Wir stehen am Anfang des dritten Jahrtausends und blicken auf eine lange Geschichte zurück. Was bei dieser Geschichte auffällt, ist, dass es immer Veränderungen und Umbrüche gab, und: Diese werden immer schneller.
Als Menschen sind wir kaum mehr in der Lage, mit den ständigen Neuerungen und Anforderungen fertig zu werden, geschweige denn können wir wirklich voraussagen, wohin das alles führen wird.
Unser neu entdecktes Wissen führt zu schnelleren wirtschaftlichen, sozialen und politischen Veränderungen; mit jedem Versuch zu begreifen, was geschieht, beschleunigen wir die Akkumulation von Wissen, was wiederum zu noch schnelleren und grösseren Umwälzungen führt.
Fakt ist: Die Digitalisierung schreitet voran. Wo früher Menschen als Könige des Universums agierten, stehen sie heute mehr und mehr in der Gefahr, von Maschinen abgelöst zu werden. Und nicht nur das: Maschinen sind sogar in vielen Dingen besser als wir Menschen, einschliesslich dessen, herauszufinden, was wir selber wirklich wollen.
Harari erklärt, wieso alle Organismen eigentlich Algorythmen sind. Ein Algorythmus ist eine methodische Abfolge von Schritten, die es erlaubt, Probleme zu lösen, Entscheidungen zu treffen oder Dinge zu berechnen. Wenn wir etwas tun, passiert das nach einer genauen Abfolge von Schritten, welche nach unserer Erfahrung (so denken wir) dazu geeignet ist, das zu tun. In Tat und Wahrheit ist in unserem Gehirn quasi ein Schaltkreis entstanden, welcher uns nun dies nach vorgegebener Methode tun lässt.

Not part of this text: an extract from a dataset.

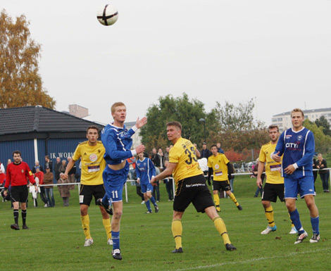Joakim Ramberg når högst i en nickduell, men bollen går utanför. Anton Kohlemainen (t h) tittar på. Foto: Leif Hammarström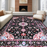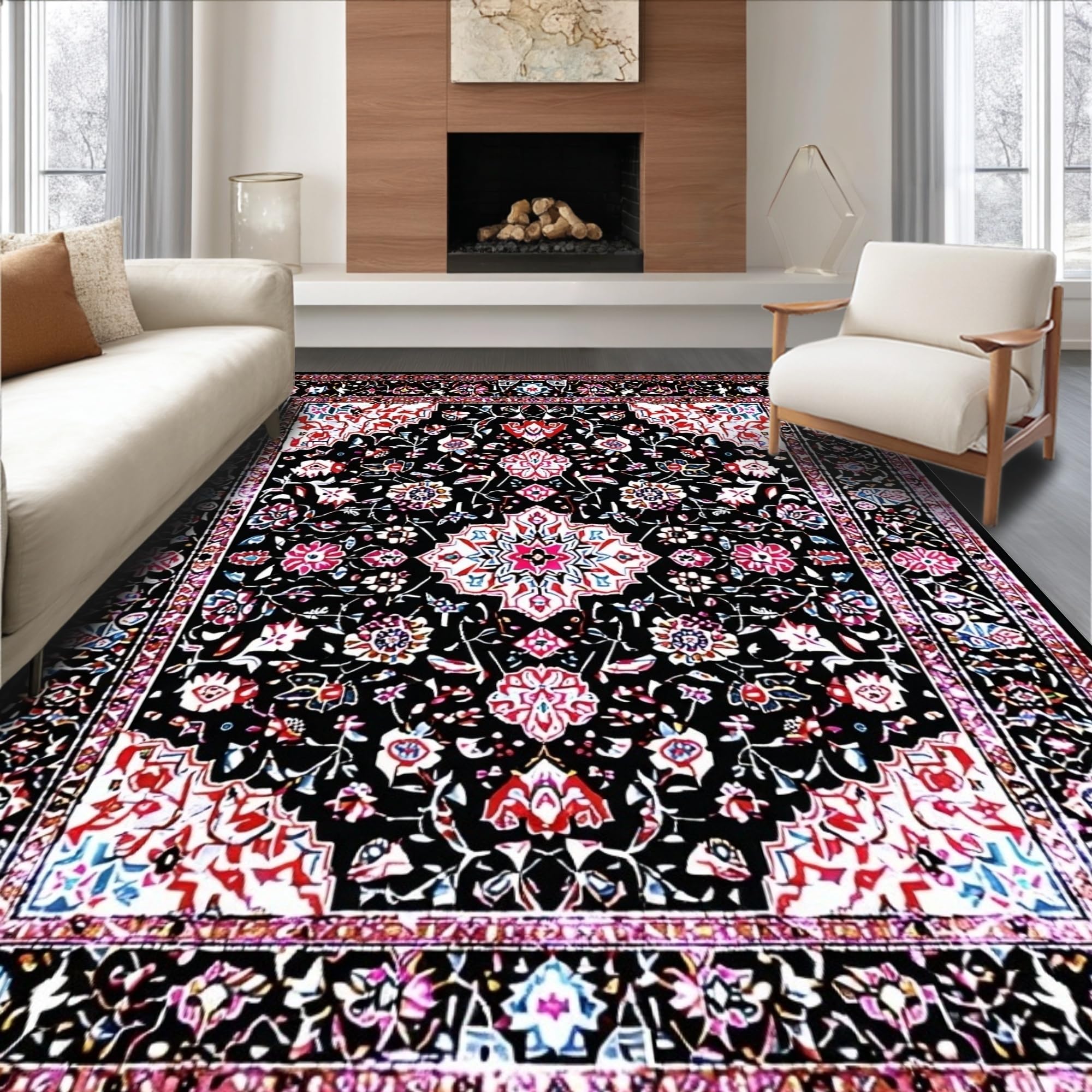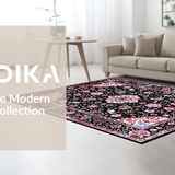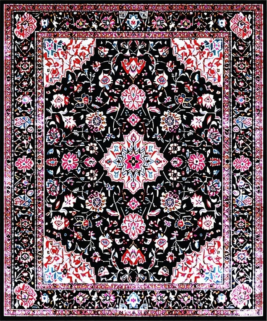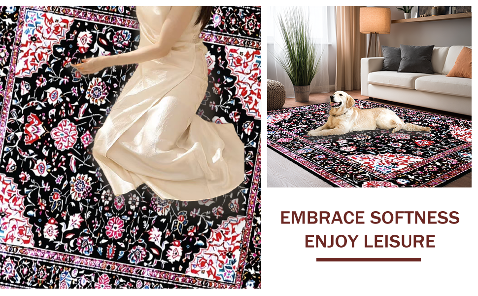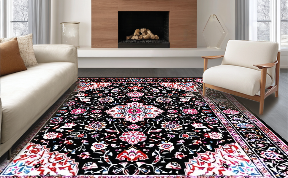 Ultra Soft Area Rug, Non Slip, Stain Resistant, Washable Area Rugs for Living Room, Bedroom, Rustic Tiled Floral Arrangement(Black) Overview:

Hat der Humanismus noch sehr auf den einzelnen Menschen und seine individuelle Freiheit gesetzt, fragt sich nun, wo der Mensch, einst Krone der Schöpfung, bleiben wird. Dass wir kein Selbst sind, keinen freien Willen haben, eigentlich aufgrund von Hirnverschaltungen agieren, hat uns die Hirnforschung schon erklärt. Nun geht es eine Stufe weiter. Der Mensch schafft sich quasi selber ab durch seine sich immer schneller entwickelnden Innovationen im Bereich Datensammlung und –vernetzung. Damit droht dem Menschen bald das gleiche Schicksal, welches den Tieren durch den Menschen angetan wurde.

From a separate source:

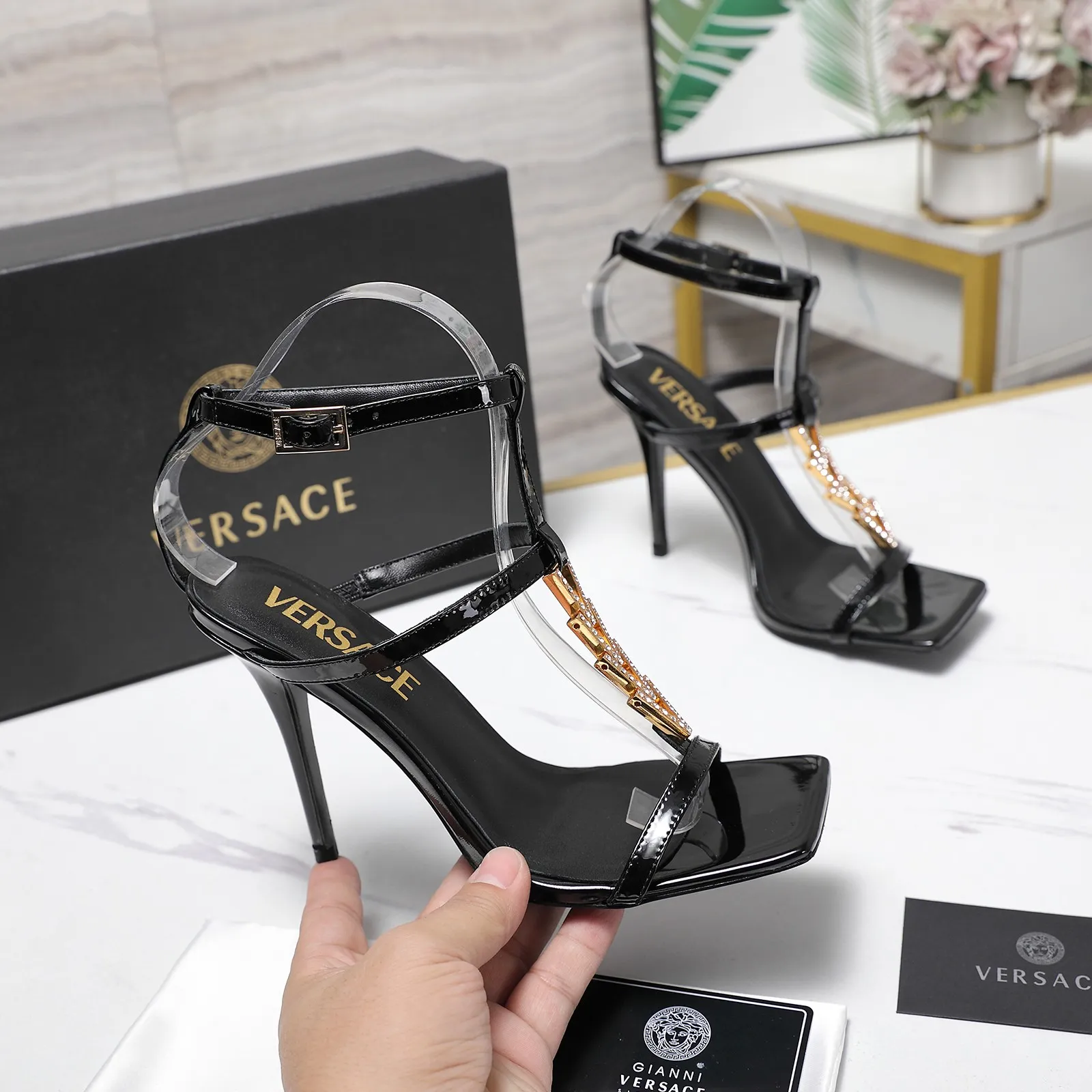 We also offer wholesale the best quality and cheap replica Versace Sandal items Gender WomenSize US 5=EUR(35), US 5.5=EUR(36), US 6=EUR(37), US 7=EUR(38), US 8=EUR(39), US 8.5=EUR(40)Heels 10.5 CM online!

Klingt gruselig? Das Ganze soll nicht als Prognose verstanden werden, so Harari, sondern als (wohl ziemlich realistisches) mögliches Szenario einer nahen Zukunft. Harari besticht durch fundierte historische Kenntnisse, welche vor allem in den ersten beiden Teilen (Homo sapiens erobert die Welt & Homo Sapiens gibt der Welt einen Sinn) zum tragen kommen. Er versteht es, die historischen Abläufe und das menschliche Leben in den verschiedenen Bereichen auf eine detaillierte, informative und doch unterhaltsam lesbare Weise zu vermitteln. Teil drei führt die Geschichte weiter in die Zukunft, indem die vorhandenen Kriterien und Erkenntnisse konzis ermittelt und zusammengeführt werden, um den Strom der Geschichte auf eine nachvollziehbare und durchaus einleuchtende Weise weiter fliessen zu lassen.
Fazit
Ein spannendes, gut lesbares, unterhaltsames und sehr eindrückliches Buch über die menschliche Geschichte und wohin sie zu steuern scheint. Eine ganz grosse Leseempfehlung.
Zum Autor
Yuval Noah Harari wurde 1976 in Haifa, Israel, geboren. Er promovierte 2002 an der Oxford University. Aktuell lehrt er Geschichte an der Hebrew University in Jerusalem mit einem Schwerpunkt auf Weltgeschichte. Sein Weltbestseller „Eine kurze Geschichte der Menschheit“ wurde in fast 40 Sprachen übersetzt.
Angaben zum Buch:
Taschenbuch: 653 Seiten
Verlag: C.H.Beck Verlag 4. September 2018
Übersetzer: Andreas Wirthensohn
ISBN: 978-3406727863
Preis: EUR: 14.95 ; CHF 24.90
Zu kaufen in jeder Buchhandlung vor Ort oder online u. a. bei BOOKS.CH und AMAZON.DE
„Dass wir kein Selbst sind, keinen freien Willen haben, eigentlich aufgrund von Hirnverschaltungen agieren, hat uns die Hirnforschung schon erklärt.“
Dass das nicht alles, sondern nur die eine Seite ist, wird sie uns hoffentlich noch erklären – wenn sie aus dem Denken des 19. Jahrhunderts herauskommt.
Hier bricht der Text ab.